Estimate the memory footprint of preloaded data. Returns a dict (panel_mb, close_dict_mb, bar_cache_mb, total_mb).

run_paper_trade

Paper trading session; runs continuously until terminated with Ctrl+C.

run_paper_trade(initialize_func, starting_cash=100000.0, benchmark='000300.XSHG', interval=60)

record

Record custom data points within a strategy.

record(price=current_price, ma5=ma5, signal='BUY')

Scheduling Functions

API Description
run_daily(func, time='every_bar') Execute daily at a fixed time
run_weekly(func, day_of_week=1, time='09:30') Execute weekly on a given day
run_monthly(func, day_of_month=1, time='09:30') Execute monthly on a given day
run_selection(func, rebalance='monthly:1') Register a stock selection function and run it on a schedule

rebalance format: "monthly:N" (Nth day of each month), "weekly:N" (day of week, 0=Monday), "daily" (every trading day).

Lifecycle Callbacks

API Description
before_trading_start(func) Register a pre-market callback
after_trading_end(func) Register a post-market callback

Cache API

API Description
set_cache_dir(path) Set the disk cache directory
fetch_cached(security, start_date, end_date, adjust='qfq') Retrieve data with cache-first priority

Data source integration recommendation: keep API input/output signatures unchanged, persist data in a unified format before entering the backtest, and use primary-standby data source switching with cross-validation.


Logging API

Basic Logging

log.info(msg)
log.debug(msg)
log.warn(msg)
log.error(msg)

Structured Logging

API Description
log.section(title, **fields) Mark a high-level stage
log.step(name, status='RUN', **fields) Record a step status
log.progress(current, total, label='Progress') Display progress
log.action(name, target=None, **fields) Record an action
log.set_level(level) Control verbosity
log.set_quiet(enabled=True) Output only WARNING/ERROR

Utility API

API Description
engine.get_context() Get the current backtest context
engine.get_g() Get the global object
engine.get_trade_log() Get the trade log
engine.get_recorded_values() Get values recorded by record()

Web Studio API Endpoints

GET /api/v1/runs/{run_id}/report/data

Returns the complete backtest report as JSON (including all chart data arrays), used for native Lightweight Charts rendering in the Web Studio.

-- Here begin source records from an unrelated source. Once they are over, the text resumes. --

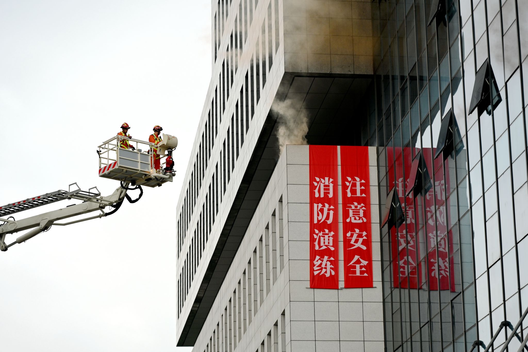簽約儀式結束后,我校與溫江區消防救援大隊共同開展了2024年消防應急疏散演練。
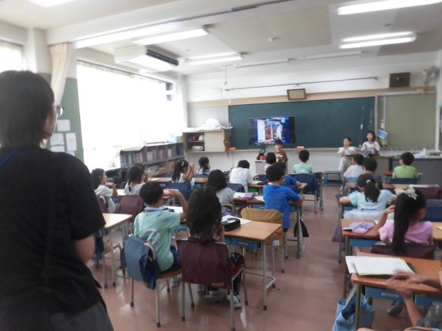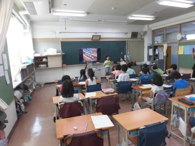 2年生の教室では、まちたんけんの発表会をしていました。子どもたちが回ったお店について、一人ひとり発表をしています。発表する人は、少し緊張をしているようです。しっかりと準備してきたからこそ、緊張しているのですね。
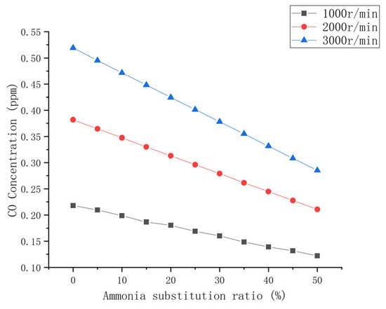 The variations in the engine CO emission ratios with an ammonia mixture ratio under three speed conditions are shown in Figure 13. It can be seen that, as the ammonia content increases, the relative magnitude of CO emissions under the three speeds is high speed > medium speed > low speed. Compared with the N0 fuel, the CO emissions in the low, medium, and high speed conditions of the N50 decrease by 44%, 45%, and 45%, respectively. This is basically consistent with the change in CO2 emissions. The sharp decreases in CO2 and CO emissions are related to the decrease in the carbon content of the fuel, which decreases by about 3.3% for every 10% increase in ammonia content. Similar conclusions can be found in the study of the performance of diesel-ignited ammonia–hydrogen blends in engines by Wang et al. [37].
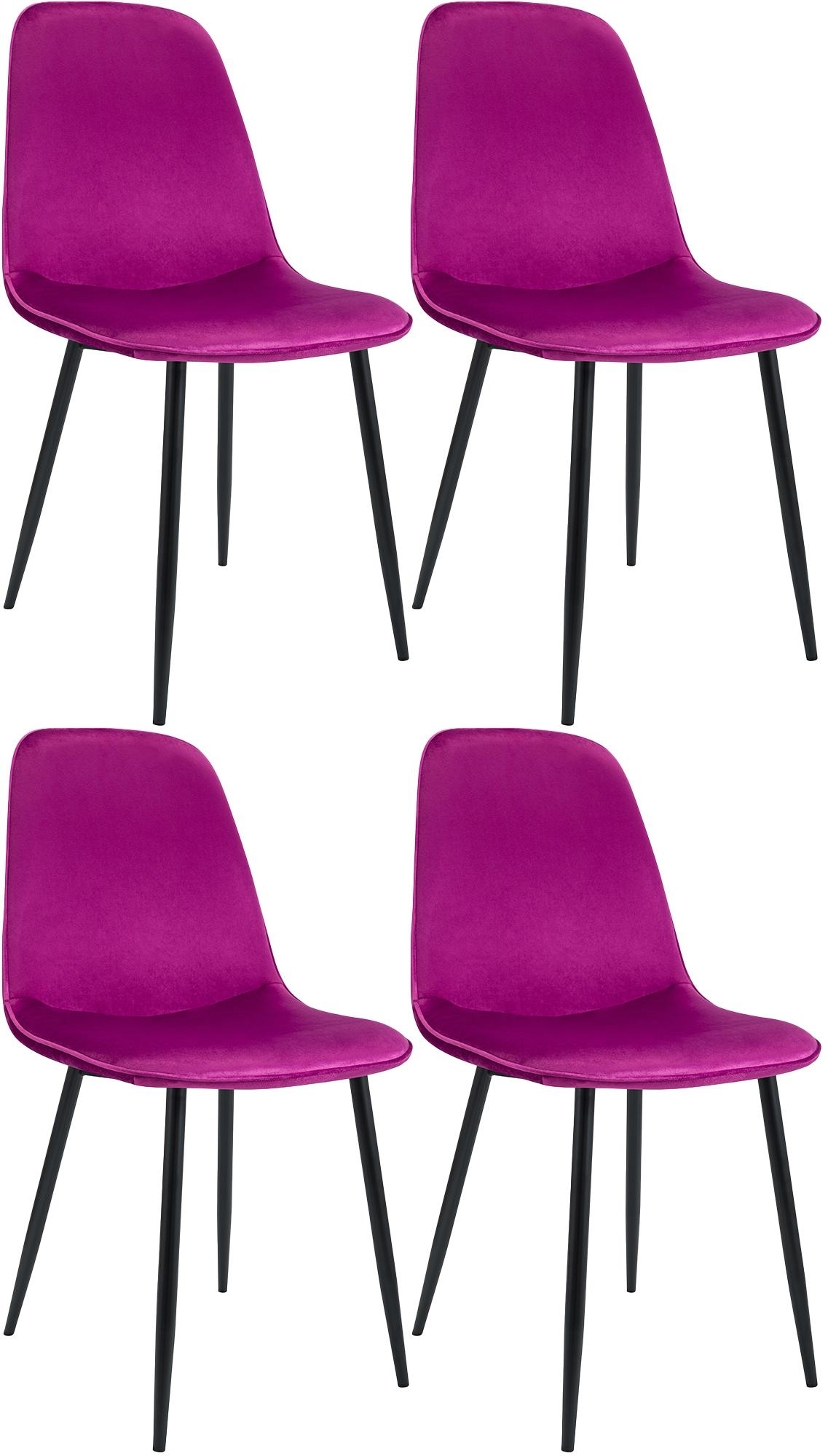 Der Esszimmerstuhl Maryam im 4er Set vereint hohen Sitzkomfort mit einer modernen, zeitlosen Optik. Die angenehme Polsterung von Sitz und Rückenlehne sorgt für ein bequemes Sitzerlebnis. Das standfeste Vierfußgestell aus schwarzem, pulverbeschichtetem Metall bietet eine Belastbarkeit von bis zu 150 kg. Bodenschoner schützen empfindliche Böden vor Beschädigungen. Ideal für Esszimmer, Küche oder Wohnzimmer. **Highlights** - Hoher Sitzkomfort durch angenehme Polsterung - Modernes und zeitloses Design - Standfestes Vierfußgestell aus pulverbeschichtetem Metall - Belastbarkeit bis zu 150 kg - Bodenschoner zum Schutz empfindlicher Böden **Produkteigenschaften** - Material: Samt - Farbe: Lila - Set-Bestandteile: 4x Esszimmerstuhl **Lieferumfang** - 4x Esszimmerstuhl Maryam - Ausschluss von Tisch und Dekoration
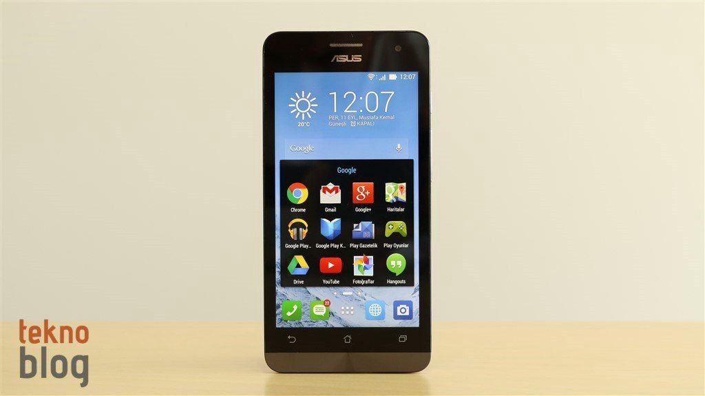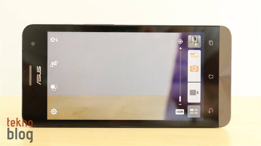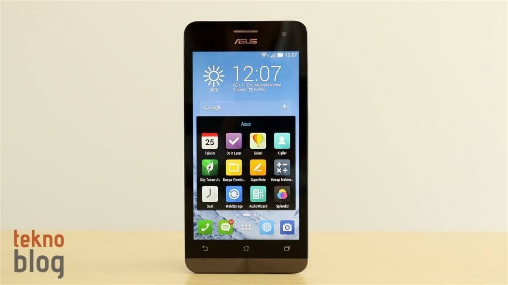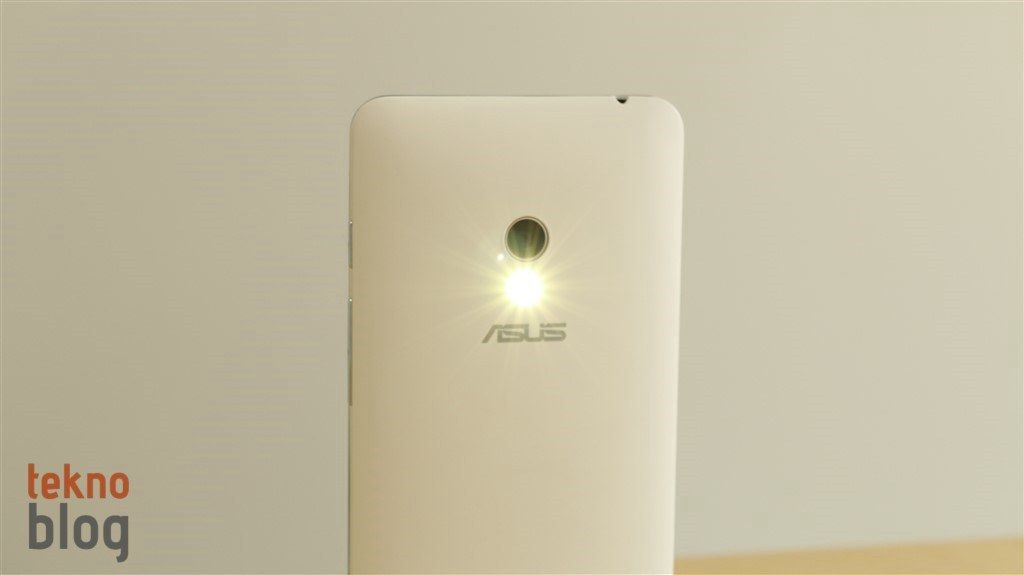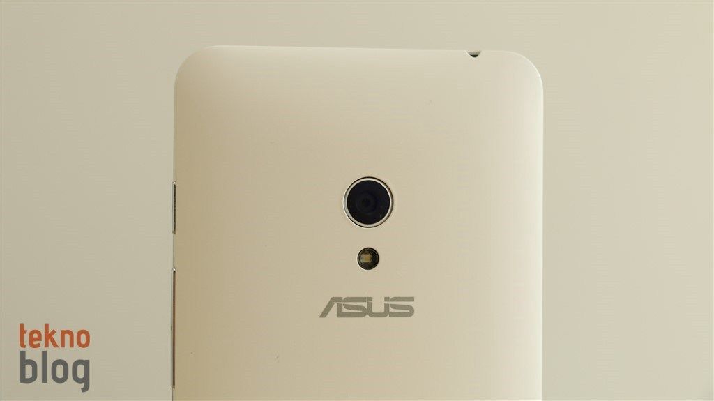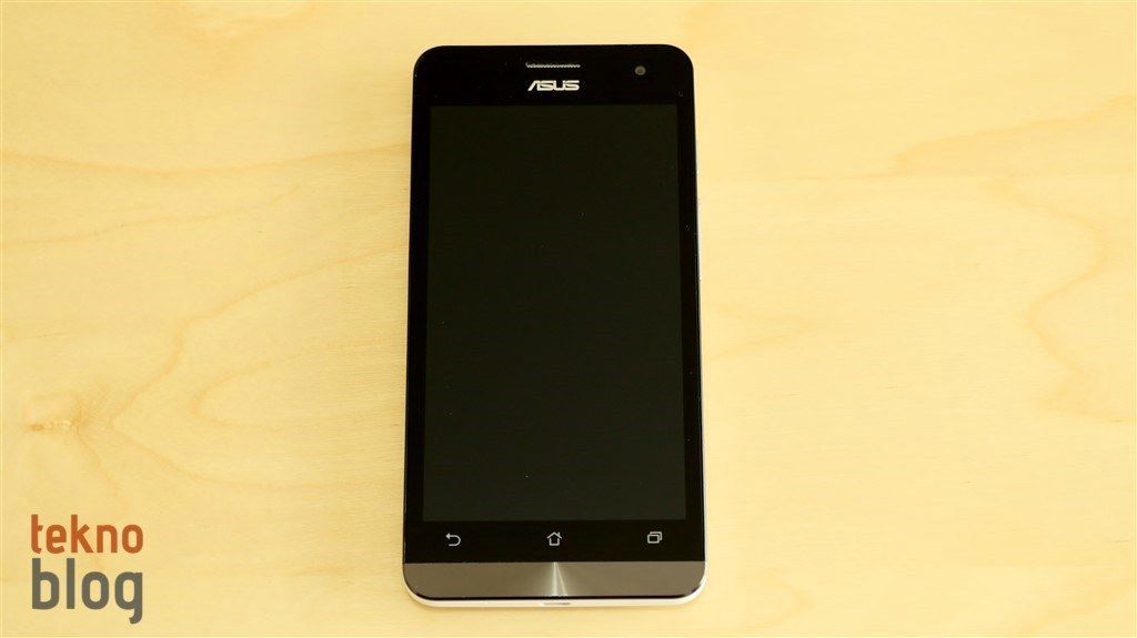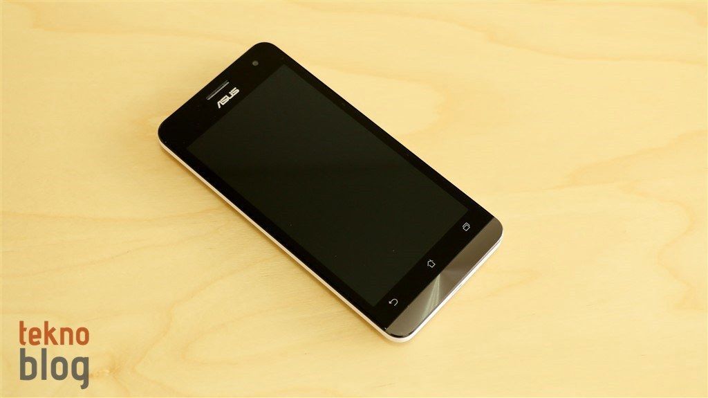 Ekranın altında yer alan kapasitif dokunmatik navigasyon tuşları sayesinde ekranda navigasyon tuşları için alan harcanmıyor. Ekranın üstünde Asus logosu, ahize hoparlörü ve 2 megapiksel ön kamera bulunuyor. Sağ kenarda güç ve ses tuşları alt alta sıralanıyor, bu tuşlar tek elle kullanımda bile rahatlıkla erişilebilecek noktadalar. Altta microUSB portu ve mikrofon bulunuyor. Sol kenarda arka kapağın açılmasına yardımcı olan bir çentik görüyoruz. Üstte de 3.5 mm. kulaklık jakı ve ikinci mikrofon mevcut.

curl http://localhost:8081/api/v1/runs/<run_id>/report/data

The response structure matches the JSON output of generate_report_json() and includes all fields: summary, risk_metrics, cumulative_returns, candlestick_data, volume_data, ma5/20/60_data, rsi_data, macd_data, bb_upper/middle/lower_data, drawdown_data, pnl_bar_data, daily_returns_data, etc.

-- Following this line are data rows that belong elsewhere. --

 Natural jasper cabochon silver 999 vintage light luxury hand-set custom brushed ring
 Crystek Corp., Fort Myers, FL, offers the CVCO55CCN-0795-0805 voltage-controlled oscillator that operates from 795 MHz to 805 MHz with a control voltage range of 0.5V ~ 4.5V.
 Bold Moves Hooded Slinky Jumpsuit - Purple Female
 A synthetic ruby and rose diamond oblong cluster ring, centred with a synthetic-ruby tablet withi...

Parameterization & Optimization Conventions

The eqlib API works with any Python workflow (scripts, notebooks, scheduled tasks). A typical call chain: run_backtest()analyze_returns()brinson_attribution() → analyze results → modify parameters → re-run backtest.

Strategy files define PARAMS (current values) and PARAM_RANGES (search space), which are read and updated by the optimization script. After each change, verify that: new parameters fall within range, cross-parameter constraints are satisfied, and no look-ahead bias is introduced.